DATA TO USE:
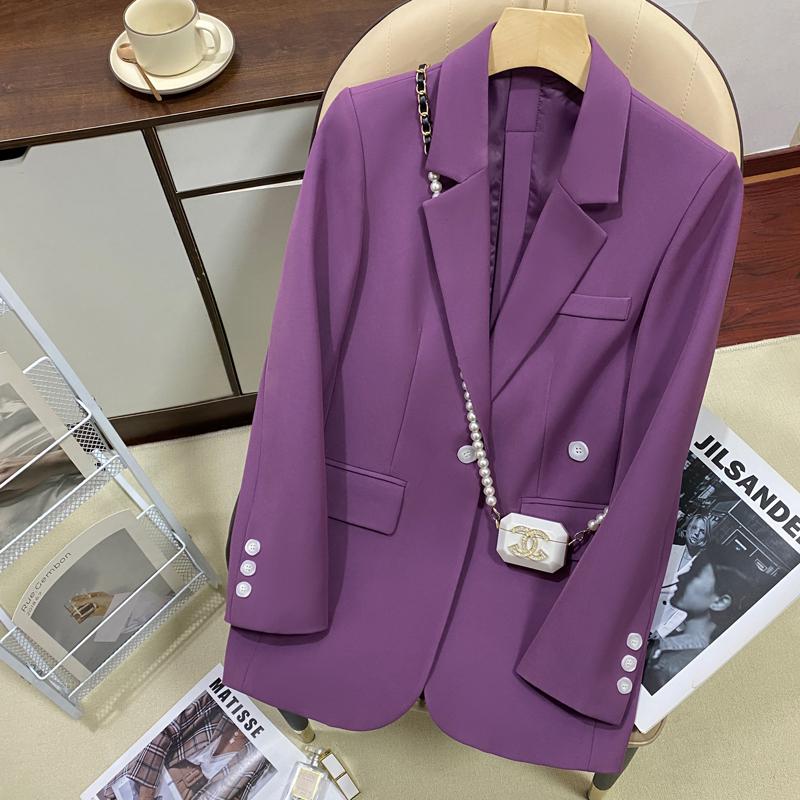 보라색 숄카라 명품 정장 자켓 핸드메이드 싱글 일자형 반코트
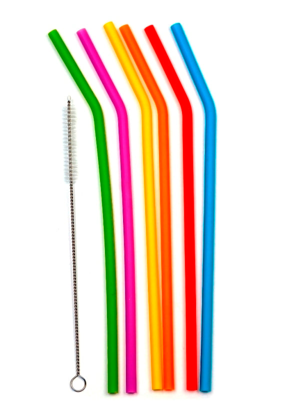 Reduce plastic waste and save money with these colorful reusable silicone straws. Perfect for Iced Coffee, tea, lemonade, and a variety of beverages and cocktails as well as a smart choice for everyday use in a travel mug. Sold in a colorful set of 6 which also includes a cleaning brush for hygienic manual cleaning. Also dishwasher safe. Each straw measures 10-inches. Made from BPA-free, food grade silicone.
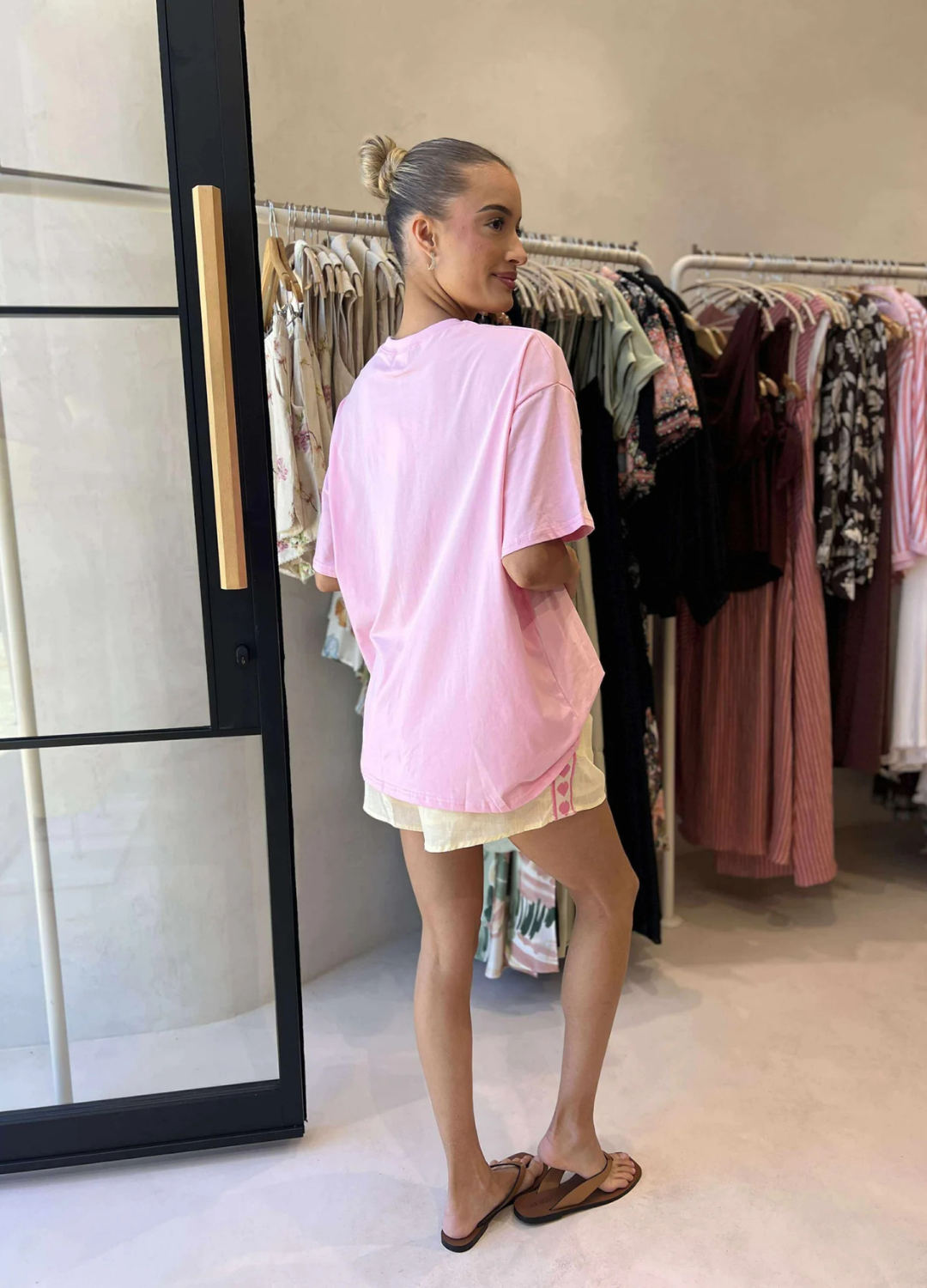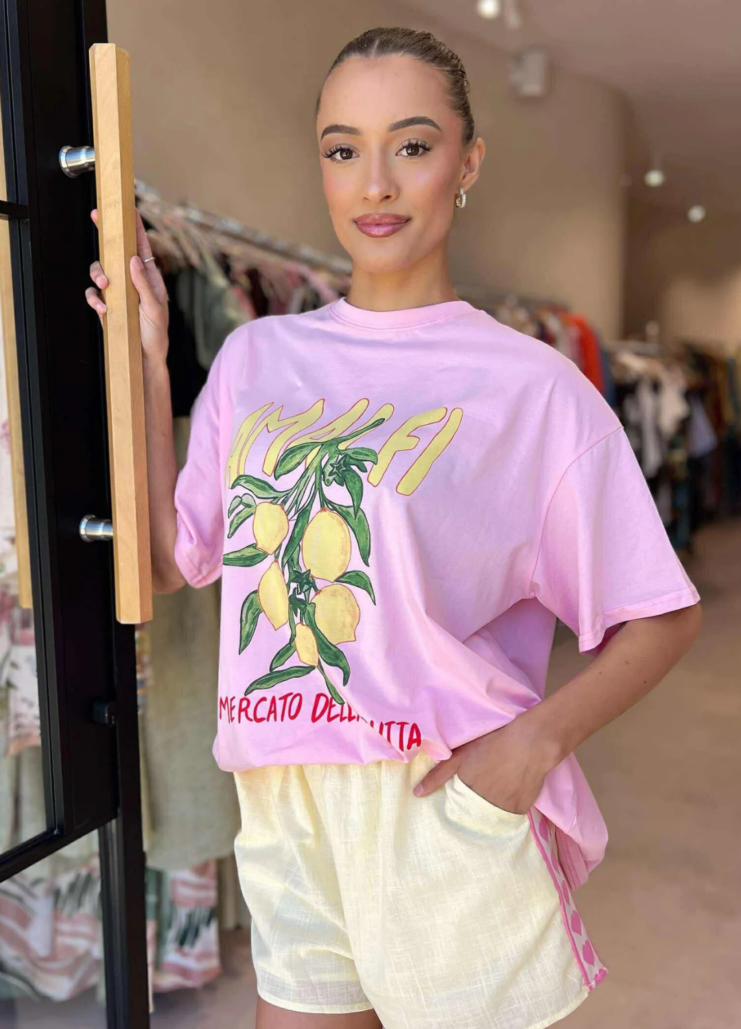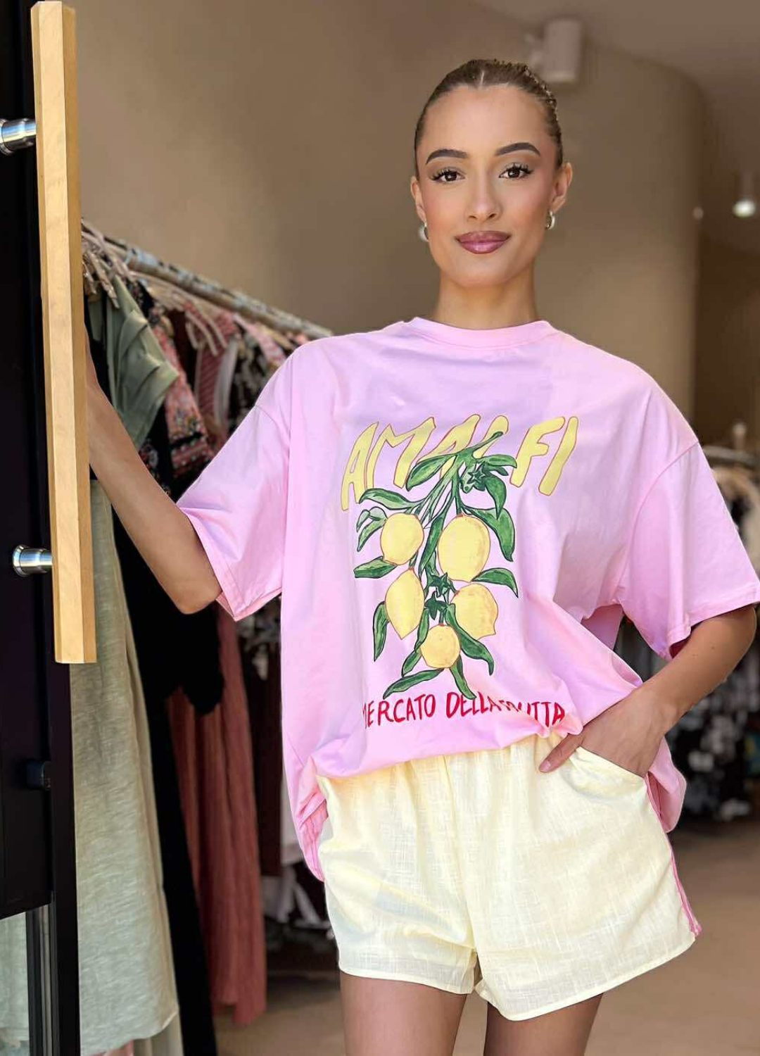 Radiate sunshine wherever you go in this cheerful pink and yellow short and shirt set. The relaxed-fit pink shirt showcases an Amalfi Coast inspired graphic for laid back summer style.
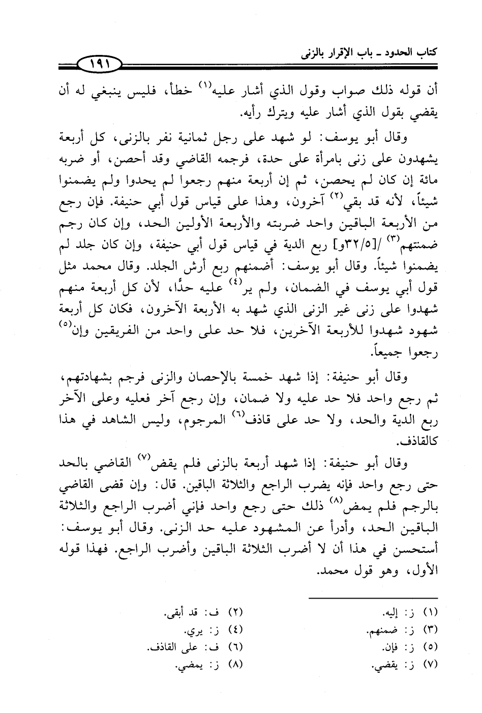 وقال أَبو يوسف: لو شهد على رجل ثمانية نفر بالزنى، كل أربعة يشهدون على زنى بامرأة على حدة، فرجمه القاضي وقد أحصن، أو ضربه مائة إن كان لم يحصن، ثم إن أربعة منهم رجعوا لم يحدوا ولم يضمنوا شيئاً، لأنه قد بقي (¬2) آخرون، وهذا على قياس قول أبي حنيفة. فإن رجع من الأربعة الباقين واحد ضربته والأربعة الأولين الحد، وإن كان رجم ضمنتهم (¬3) ربع الدية في قياس قول أبي حنيفة، وإن كان جلد لم يضمنوا شيئاً. وقال أَبو يوسف: أضمنهم ربع أرش الجلد. وقال محمد مثل قول أبي يوسف في الضمان، ولم ير (¬4) عليه حدًّا، لأن كل أربعة منهم شهدوا على زنى غير الزنى الذي شهد به الأربعة الآخرون، فكان كل أربعة شهود شهدوا للأربعة الآخرين، فلا حد على واحد من الفريقين وإن (¬5) رجعوا جميعاً.
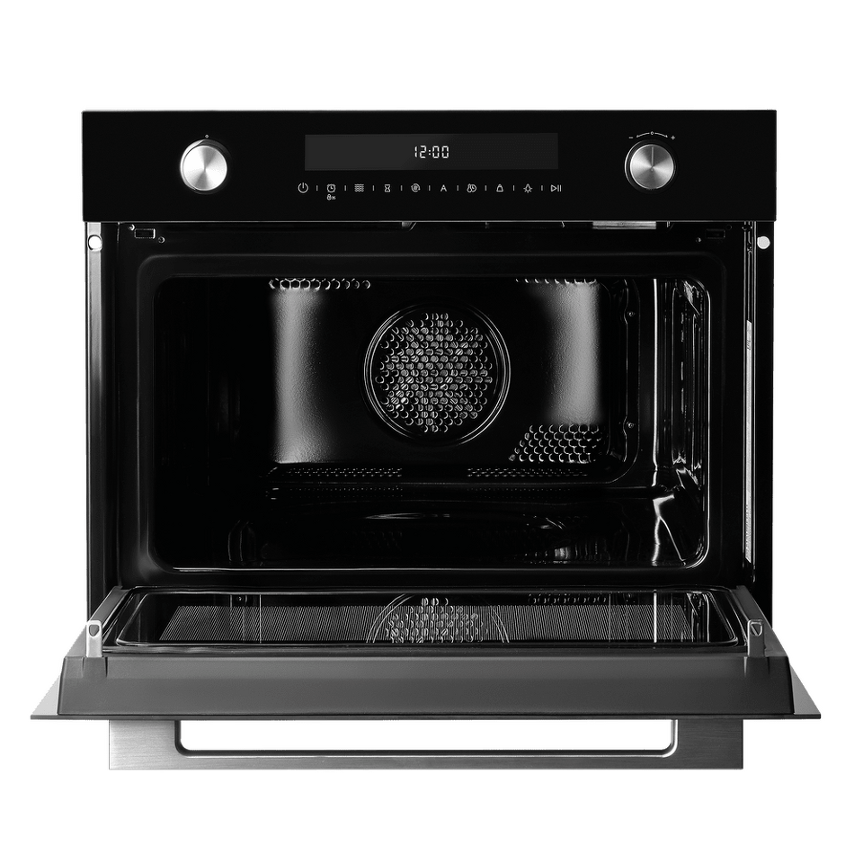 Фронтальная панель сделана из высококачественного жаропрочного стекла . Цельнометаллическая ручка дверцы из матированной нержавеющей стали лаконично поддерживает общий стиль и не нагревается во время готовки.
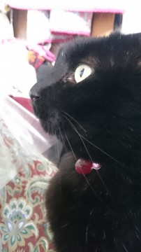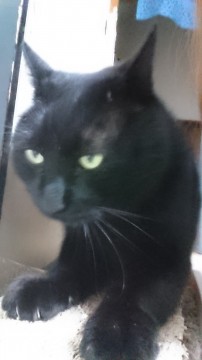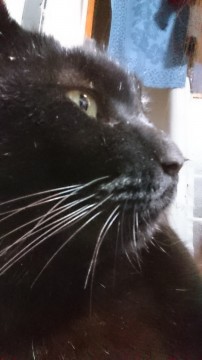 大きい黒猫です。下腹が白く、左の牙が折れている。ピンクの首輪を付けています。たまに無くすので、付いていないかもしれません。
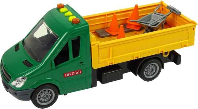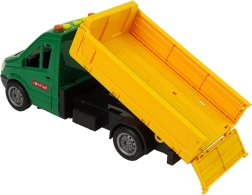 Ta podrobno izdelan cestni tovornjak v zeleno-rumeni barvni kombinaciji navduši otroke na prvi pogled. Zahvaljujoč frikcijskemu pogonu je dovolj, da vozilo rahlo potisnete, in samo zdrvi naprej. Prekucna ladja in izvlečno podvozje olajšata nakladanje in prevoz vseh dodatkov.
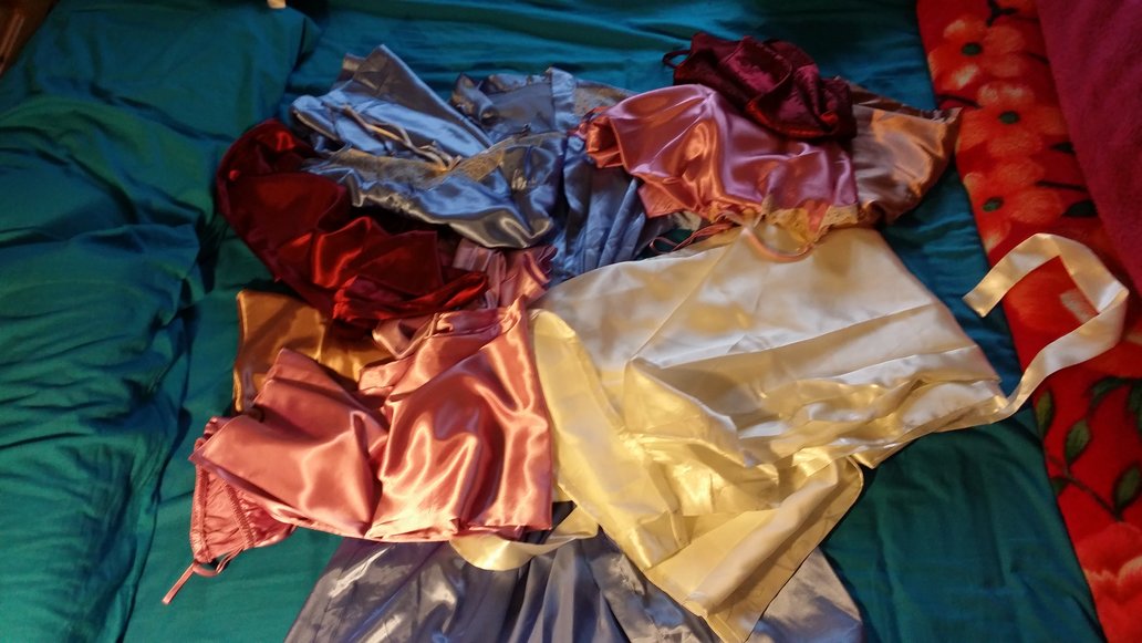 very nice satin outfits but I would be kinda paranoid why it was hidden out the way and never worn for you.

PROBLEM TO WORK ON:
Please give back exactly, and with no pictures, the lines from where the listing above begins through the line containing "大きい黒猫です。下腹が白く、".

REPLY:
 보라색 숄카라 명품 정장 자켓 핸드메이드 싱글 일자형 반코트
 Reduce plastic waste and save money with these colorful reusable silicone straws. Perfect for Iced Coffee, tea, lemonade, and a variety of beverages and cocktails as well as a smart choice for everyday use in a travel mug. Sold in a colorful set of 6 which also includes a cleaning brush for hygienic manual cleaning. Also dishwasher safe. Each straw measures 10-inches. Made from BPA-free, food grade silicone.
 Radiate sunshine wherever you go in this cheerful pink and yellow short and shirt set. The relaxed-fit pink shirt showcases an Amalfi Coast inspired graphic for laid back summer style.
 وقال أَبو يوسف: لو شهد على رجل ثمانية نفر بالزنى، كل أربعة يشهدون على زنى بامرأة على حدة، فرجمه القاضي وقد أحصن، أو ضربه مائة إن كان لم يحصن، ثم إن أربعة منهم رجعوا لم يحدوا ولم يضمنوا شيئاً، لأنه قد بقي (¬2) آخرون، وهذا على قياس قول أبي حنيفة. فإن رجع من الأربعة الباقين واحد ضربته والأربعة الأولين الحد، وإن كان رجم ضمنتهم (¬3) ربع الدية في قياس قول أبي حنيفة، وإن كان جلد لم يضمنوا شيئاً. وقال أَبو يوسف: أضمنهم ربع أرش الجلد. وقال محمد مثل قول أبي يوسف في الضمان، ولم ير (¬4) عليه حدًّا، لأن كل أربعة منهم شهدوا على زنى غير الزنى الذي شهد به الأربعة الآخرون، فكان كل أربعة شهود شهدوا للأربعة الآخرين، فلا حد على واحد من الفريقين وإن (¬5) رجعوا جميعاً.
 Фронтальная панель сделана из высококачественного жаропрочного стекла . Цельнометаллическая ручка дверцы из матированной нержавеющей стали лаконично поддерживает общий стиль и не нагревается во время готовки.
 大きい黒猫です。下腹が白く、左の牙が折れている。ピンクの首輪を付けています。たまに無くすので、付いていないかもしれません。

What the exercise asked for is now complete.